10. A capsule endoscope system comprising:

a receiving apparatus for receiving information transmitted wirelessly from the capsule endoscope; and

the receiving apparatus includes

a display unit that displays information related to an examination using the capsule endoscope, and

a first control unit that controls operations of the receiving apparatus,

the control apparatus includes

a memory that records examination flow information containing contents of a series of processes in the examination and operation modes of the receiving apparatus associated with the series of processes, respectively,

an examination flow management unit that controls a flow of the series of processes in the examination based on the examination flow information,

a second control unit that extracts from the examination flow information an operation mode associated with a process in a current examination flow controlled by the examination flow management unit and transmits the extracted operation mode to the receiving apparatus,

the first control unit has

an operation mode setting unit that switches the operation mode of the receiving apparatus between a first operation mode and a second operation mode being different from the first operation mode based on the operation mode transmitted from the control apparatus, and

controls the operations of the receiving apparatus in accordance with the control information for each operation mode set by the operation mode setting unit.

11. The capsule endoscope system according to claim 10, wherein the first control unit transmits information related to progress of the examination flow in the receiving apparatus from the receiving apparatus to the control apparatus.

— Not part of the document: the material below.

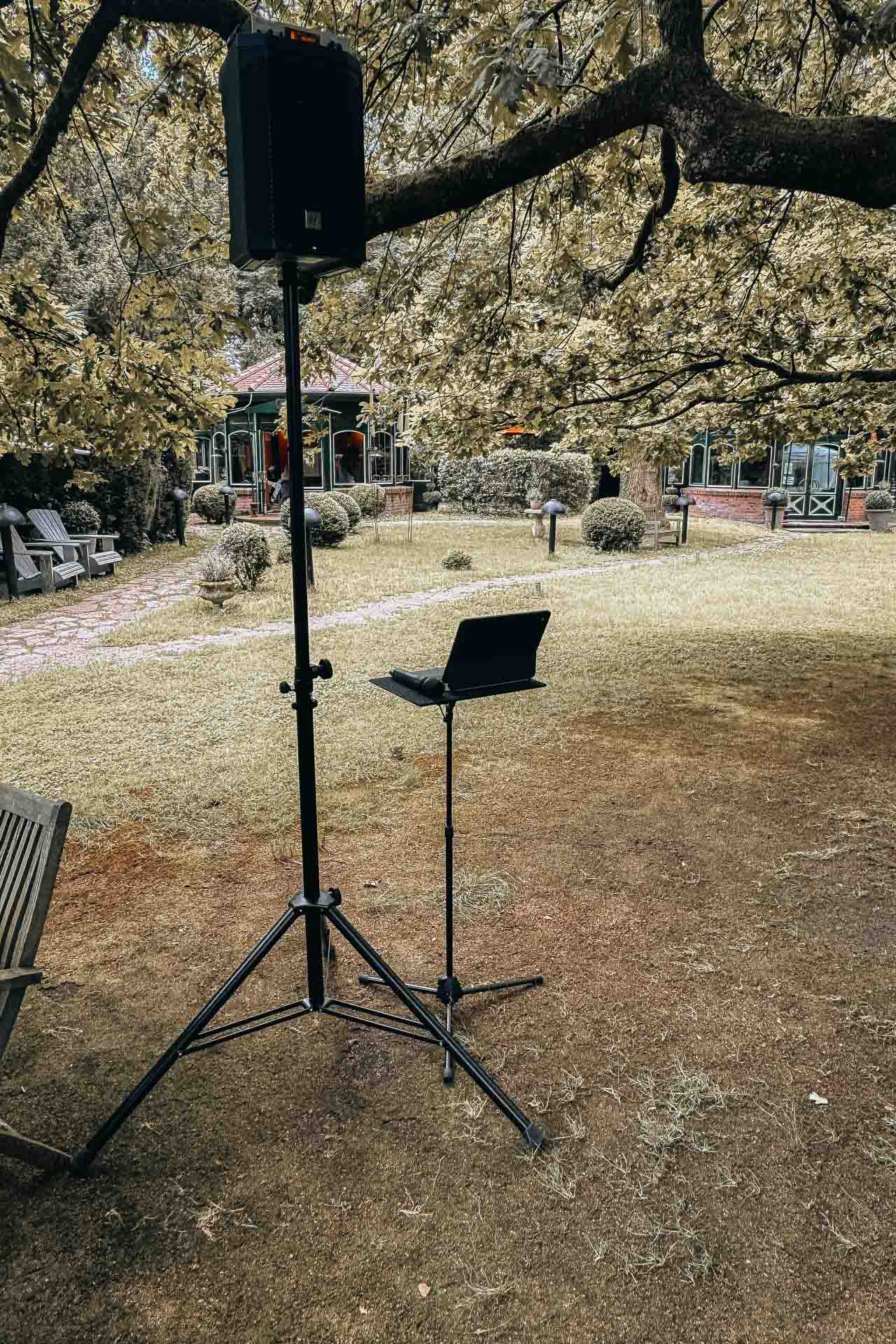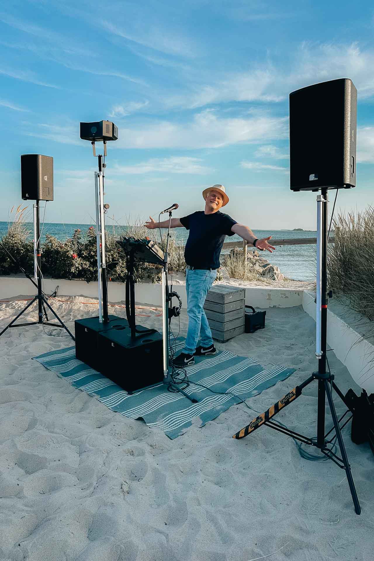 Noch bevor der erste Gast eintrifft, habe ich meine Technik bereits unsichtbar platziert. Ich sorge dafür, dass eure Wunschlieder im richtigen Moment erklingen und jedes Wort eures Eheversprechens dank meiner Profi-Mikrofone glasklar verstanden wird.

12. The capsule endoscope system according to claim 10, wherein

the first control unit displays on the display unit information related to a process to be executed or confirmed by the health care professional when the receiving apparatus is set in the first operation mode.

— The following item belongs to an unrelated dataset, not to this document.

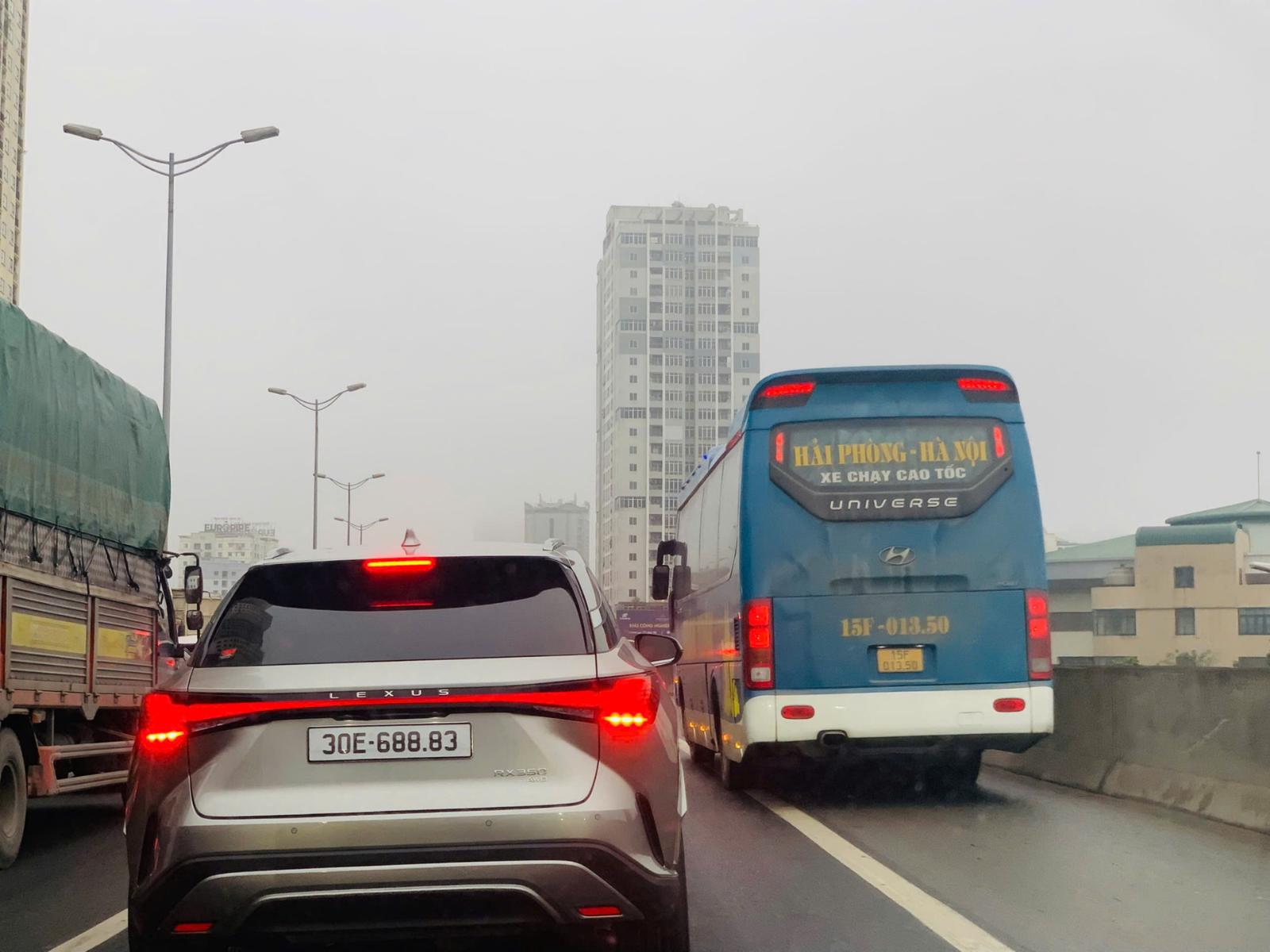 Xe khách biển kiểm soát 15F-01350 đi vào làn dừng khẩn cấp trên đường Vành đai 3 Hà Nội vào sáng ngày 13/3. Ảnh: PV

13. The capsule endoscope system according to claim 12, wherein when the operation input unit performs operation input in accordance with progress of the examination flow when the receiving apparatus is set in the first operation mode, the first control unit permits a shift to a process corresponding to the operation input.

14. The capsule endoscope system according to claim 10, wherein

the operation mode setting unit switches to the second operation mode in accordance with progress of the examination flow when the receiving apparatus is set in the first operation mode.

15. The capsule endoscope system according to claim 10, wherein

the second operation mode is an operation mode for a patient, and

when the operation input unit performs operation input other than preset operation input when the receiving apparatus being is in the second operation mode, the first control unit disables the operation input.

16. The capsule endoscope system according to claim 10, wherein

the second operation mode is an operation mode for a patient, and

the first control unit displays on the display unit information on an instruction to the patient in accordance with progress of the examination flow when the receiving apparatus is set in the second operation mode.

17. The capsule endoscope system according to claim 10, wherein

the second operation mode is an operation mode for a patient, and

the operation mode setting unit switches the operation mode of the receiving apparatus to the first operation mode when the operation input unit performs predetermined operation input or the receiving apparatus receiving predetermined control information when the receiving apparatus is set in the second operation mode.